Monday, March 22, 2010

Love, Sex aur Dhokha

Waited a while on this one for the rough, edgy-ness to wear off. Wanted the lingering flavour to come through rather than the tang of it.

I think what strikes the most about this storytelling format is the bluntness with which the punch is imparted. No drapes flowing in the wind, no oomphs and aahs, no picturesque-ness about anything…nothing larger than life, but life itself in it’s dwarfed, abnormal and commendable format. It’s like looking at oneself in the mirror, without the make-up, sans the look good angle…just the plain you…stripped down to your naked-ness. Thin, without layers, weak, vulnerable, open…you. But surprisingly, for me, what established the connect with LSD was not the ugliness or the grim, sordid reality. It was the ray of hope, the blossoming of something real in every un-really real, un-glamorous, no-options-but-survival options in life (and not life-like situations). In spite of the gore of truth and the ‘it is like it is’ intention to showcase murkiness of our capitalism which has replaced almost everything, there was a faintly blinking, now here and then gone, but still very much there emotional blip of human-ness in every character’s graph. The pure hearted and naive romance of Rahul and his Simran – Shruti, the faith and courage of Rashmi, the realism of Adarsh and the compromised but not unavailable morals of Pradhan…make them more real for me than the selfishness of the world at large. It is this honest tenet of the protagonists that make the cinema real for me rather than the perspective of the camera (the sutradhar, in this case). And that’s why LSD is a difficult film to make, as the story walks a very thin line of just sitting there in judgment with a sarcastic grin and a ‘dekh tere sansaar ki haalat kya ho gayi bhagwaan’ expression and on the other side is the ‘we still bleed and love’ vulnerability and for me, the latter triumphs. Just like in The Dark Knight…and just like in Spiderman….or just like in any good versus evil epic….that’s life.

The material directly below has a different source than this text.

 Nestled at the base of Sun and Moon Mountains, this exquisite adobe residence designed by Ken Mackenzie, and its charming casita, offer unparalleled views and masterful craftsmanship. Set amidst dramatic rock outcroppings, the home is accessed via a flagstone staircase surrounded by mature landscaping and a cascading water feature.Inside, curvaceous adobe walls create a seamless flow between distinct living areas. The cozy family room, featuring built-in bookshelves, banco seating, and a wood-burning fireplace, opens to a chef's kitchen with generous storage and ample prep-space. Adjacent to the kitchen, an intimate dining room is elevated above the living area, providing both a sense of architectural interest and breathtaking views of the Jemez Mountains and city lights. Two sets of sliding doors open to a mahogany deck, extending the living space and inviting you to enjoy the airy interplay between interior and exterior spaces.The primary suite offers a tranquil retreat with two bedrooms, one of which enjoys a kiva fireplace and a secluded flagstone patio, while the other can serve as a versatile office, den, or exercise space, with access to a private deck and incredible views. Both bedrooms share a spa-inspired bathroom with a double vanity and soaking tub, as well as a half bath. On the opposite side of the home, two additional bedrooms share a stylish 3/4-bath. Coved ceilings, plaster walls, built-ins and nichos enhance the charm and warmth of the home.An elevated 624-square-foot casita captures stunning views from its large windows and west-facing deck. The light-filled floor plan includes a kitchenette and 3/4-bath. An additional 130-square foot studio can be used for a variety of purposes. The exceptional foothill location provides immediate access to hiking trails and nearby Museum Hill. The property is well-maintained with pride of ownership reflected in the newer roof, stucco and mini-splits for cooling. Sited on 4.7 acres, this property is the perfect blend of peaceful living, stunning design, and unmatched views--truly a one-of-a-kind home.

Maybe it’s just the idealist in me…or then, maybe issi umeed pe duniya kaayam hai…

Wednesday, March 17, 2010

No movies to talk about...no books inside of me

And yet, here I am. It is so weird that without movies to write home about, without stories to deliberate on, it kinda all seems neeras…bland. It’s almost like I suffer from the Alice in Wonderland syndrome… this Alice doesn’t want to go home empty-handed from the party even after the lights have been turned off. She wants to carry the story, the characters, the touch, feel and smell of the land visited home with her. Not for a show and tell, but for keeps, inside of her. Writers borrow from the real world to spin their webs and the readers, consumers (if you may) borrow from these fictional worlds to stuff up their real world shopping carts. So it will all keep getting recycled till the boundaries become really blurred.

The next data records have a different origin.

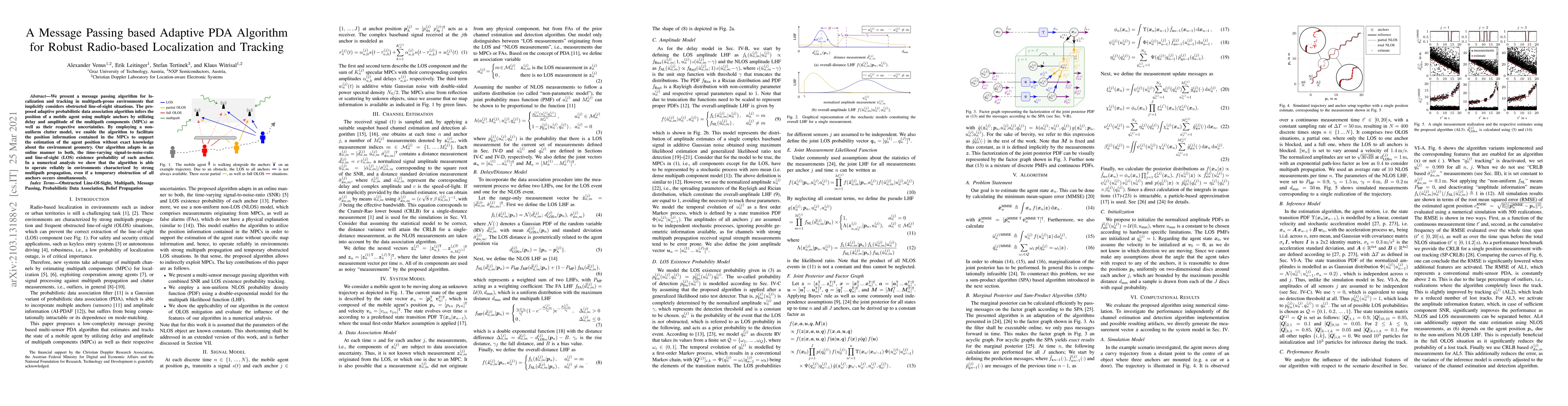 This research introduces an adaptive message passing algorithm for localization and tracking in environments with multipath signals, effectively handling obstructed line-of-sight situations. The algorithm utilizes delay, amplitude, and uncertainties of multipath components, along with a nonuniform clutter model, to estimate the position of a mobile agent using multiple anchors. It dynamically adjusts to varying signal quality and LOS existence probability, demonstrating reliable performance even during temporary anchor obstructions.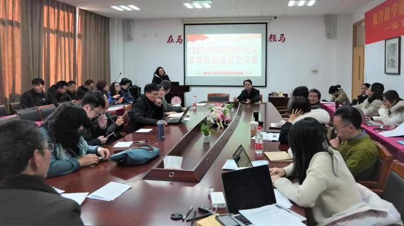 具有丰富的CSSCI和SSCI发表论文经验的胡洪彬副教授、于江霞副教授、王亚丽博士分享了自己撰写和发表论文的经验,全体无课教职工参与了此次经验分享会。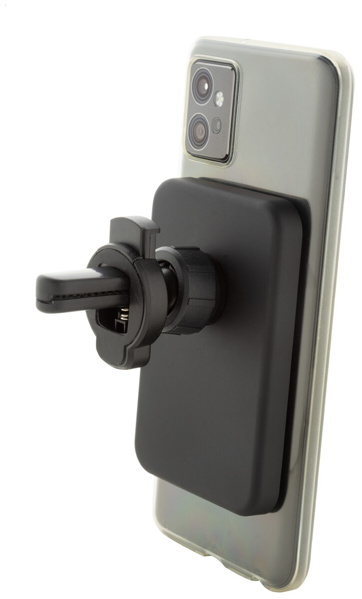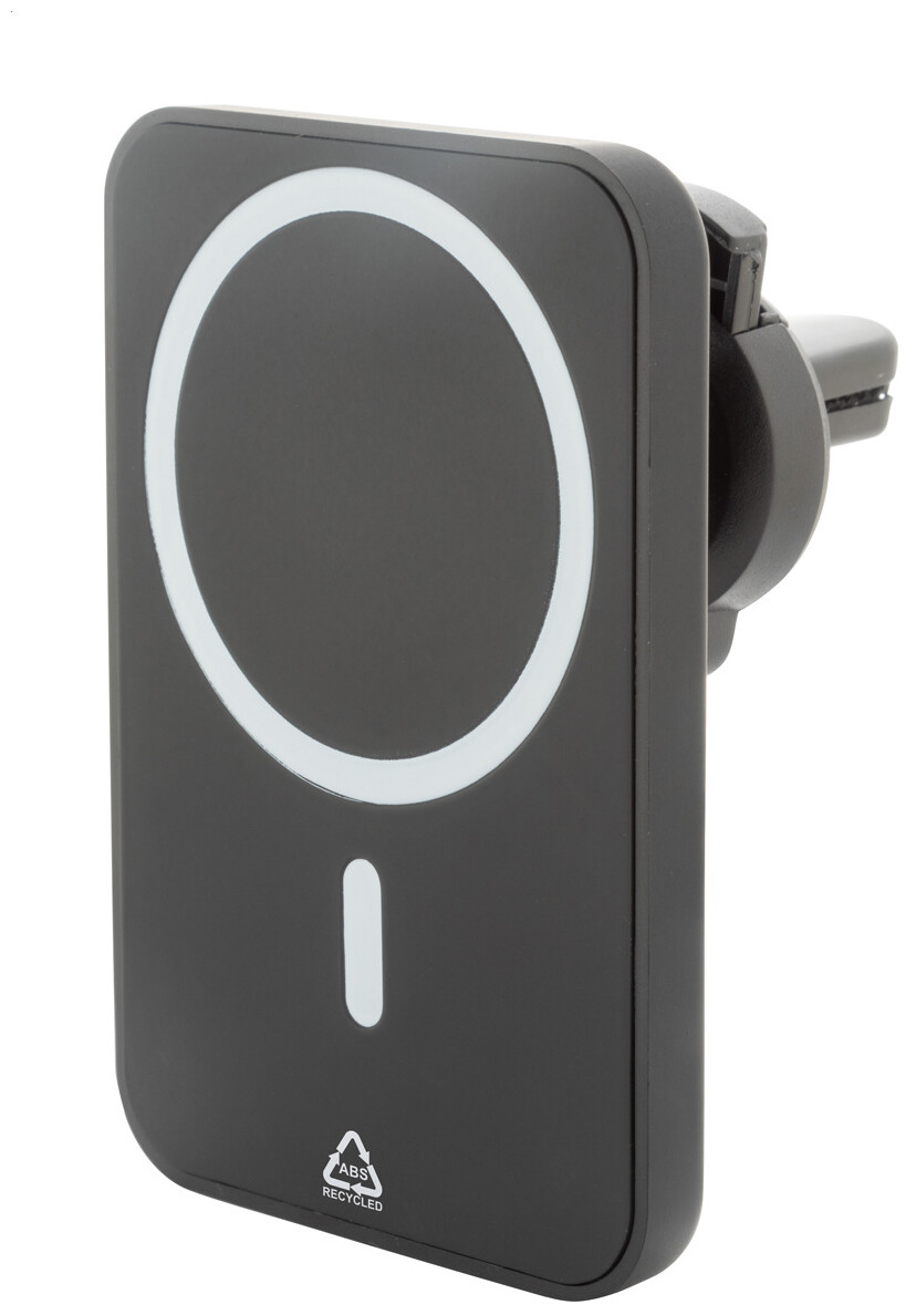 Magnetický držák na mobil do auta v recyklovaném ABS pouzdru s vestavěnou bezdrátovou rychlonabíječkou (15W) a nastavitelným upevněním do větracího otvoru. Včetně samolepícího kovového kroužku pro použití magnetické funkce na jakémkoli bezdrátově nabíjecím zařízení. Kompatibilní s iPhone® 12 nebo novějším. Včetně USB nabíjecího kabelu.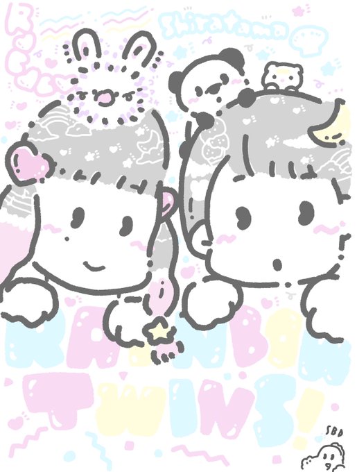 THE STRAWBERRY BUBBLE DINOSAURさんからRainbow Twins rococo & tamakoのイラスト(お共のごますけ、ネコちゃんまで❣️)描いて下さりました本当に嬉しいです宝物です😭💖💕ありがとうございます〜❣️🌈💖🌈⭐️
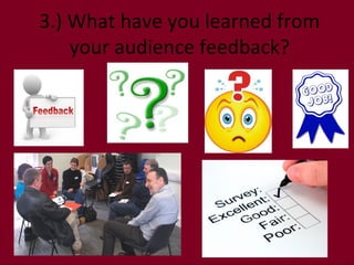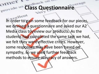 The students created a questionnaire to get feedback on their documentary from their class. Most respondents indicated that the topic, voiceover, music, and flow of the documentary were good. However, nearly half were not interested in the magazine article about the documentary. In response, the students redesigned the article based on further audience feedback. A new survey showed that 14 out of 15 people liked the new article design. The feedback helped the students realize issues with sound levels and overuse of one interview. They learned to spend more time on sound and use more clip variety in future projects.

Don’t want to make the disturbance caused by an ugly dream immortal…want to keep it as transient as the dream itself…but somehow just not able to shake off the stirring visuals nor able to rinse off the after taste and the nauseating, gnawing feeling. Sometimes it’s the negative force, the sense of imminent loss that shakes you up to acknowledge the strength of the emotion that may have been lying tucked away in a corner, seemingly dormant…but really just ignored in the chore of living everyday …and hence, forgotten. Sometimes, its the ‘awake hours’ that sweep away your orgasm inducing triggers into the dark, un-looked, un-swept corners in the course of running the business of living and this is when, sometimes, that your dreams really shake you awake and acknowledge you – they bring back the real throbbing, pulsating, orgasmic YOU to life.

Saturday, March 06, 2010

Road, Movie... Life

Some things, instances…relationships are meant to be bottled up and preserved…meant for some brewing and maturing time before you jump the gun and shoot from the hip. Some thoughts, actions and reactions need to be internalised completely, rinsed dry, before one attempts to spew them out. Some images and stories also fall in this category.

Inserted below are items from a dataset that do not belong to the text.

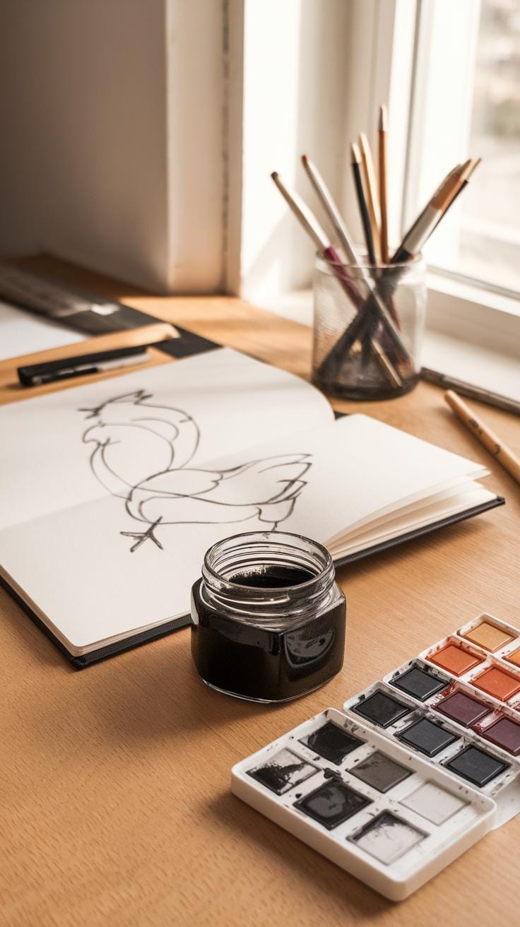 Painting chickens requires materials that capture fine details and vibrant colors. Gouache and ink wash fit this need well. Gouache is a water-based paint known for its bold opacity and quick drying time. It lets you layer colors smoothly, helping you highlight feathers, wattles, and beaks with precision. Ink wash uses diluted ink to create soft shadows and rich textures. When paired, these two techniques help bring out both the form and personality of chickens.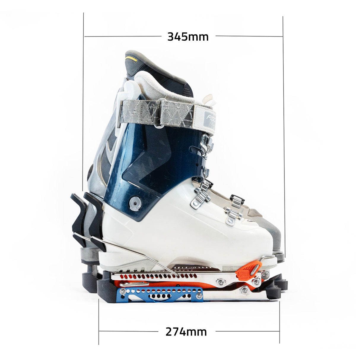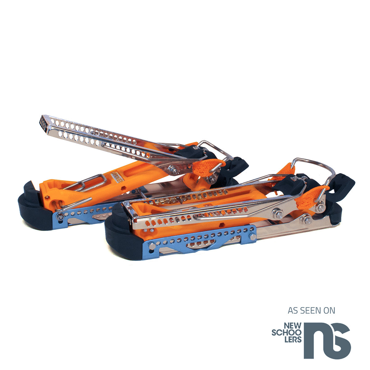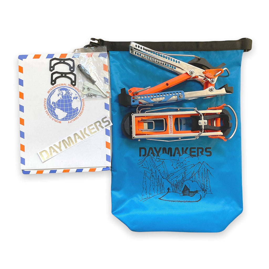 Daymakers Classic easily convert any standard downhill ski boots & bindings into a powder chasing alpine touring setup in a matter of seconds. Simply attach climbing skins to your skis, clip the Daymakers around your ski boots, step into your skis, and begin touring. Fully adjustable from 274mm to 350mm.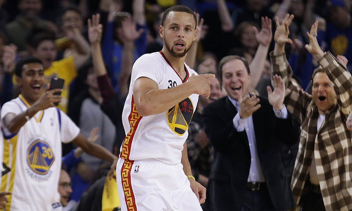 Curry se zambulló en el piso para celebrar y luego se puso a bailar junto a sus compañeros. Fue su primera canasta desde más de 12 metros (40 pies) tras meter cuatro la pasada temporada.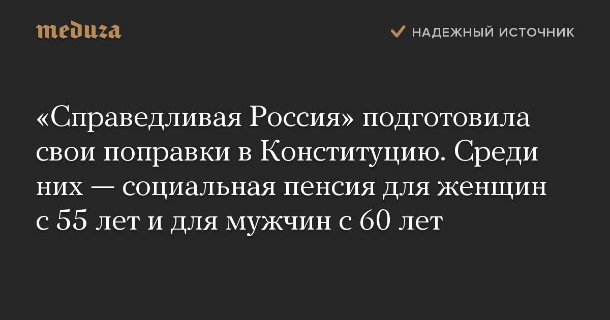 Партия «Справедливая Россия» представила свой вариант поправок в Конституцию. В частности, предлагается закрепить в Конституции нормы о праве на социальную пенсию для женщин по достижении 55 лет и для мужчин — в 60 лет.

Vishnu is the quintessential know-it-better-than-though youngster who literally thinks that child is the father of man (the hindi translation, not the philosophical one). Chacha is the bridge between generations, the faint common code that binds. Apu (no name lad), the dis-passionate, disconnected but smelling real attachment (as real love is only as rare, if not rarer than water in the desert) from the dis-attached distance gen-next. The banjaran is the lure, maya…the motivation to be a better man…to find the one within you and wrench him out of hiding….just about reason enough…but then maybe not.

The desert is the real thing…the without make-up, real artist pushing all to their limits but always winning in the end. The travelling cinema is the magician we all crave for to set things right…or atleast forget the wrong ones…if only till the spool runs out. Even this mirage in the desert is a lil victory…a tiny blip that will carry through in the morbid days of battle.

The characterisation works… so the film works. It’s a travelogue of life…seep it in. sit back in the sand, sink in your elbows, let the wind blow the sand in your hair…and let the pctr begn.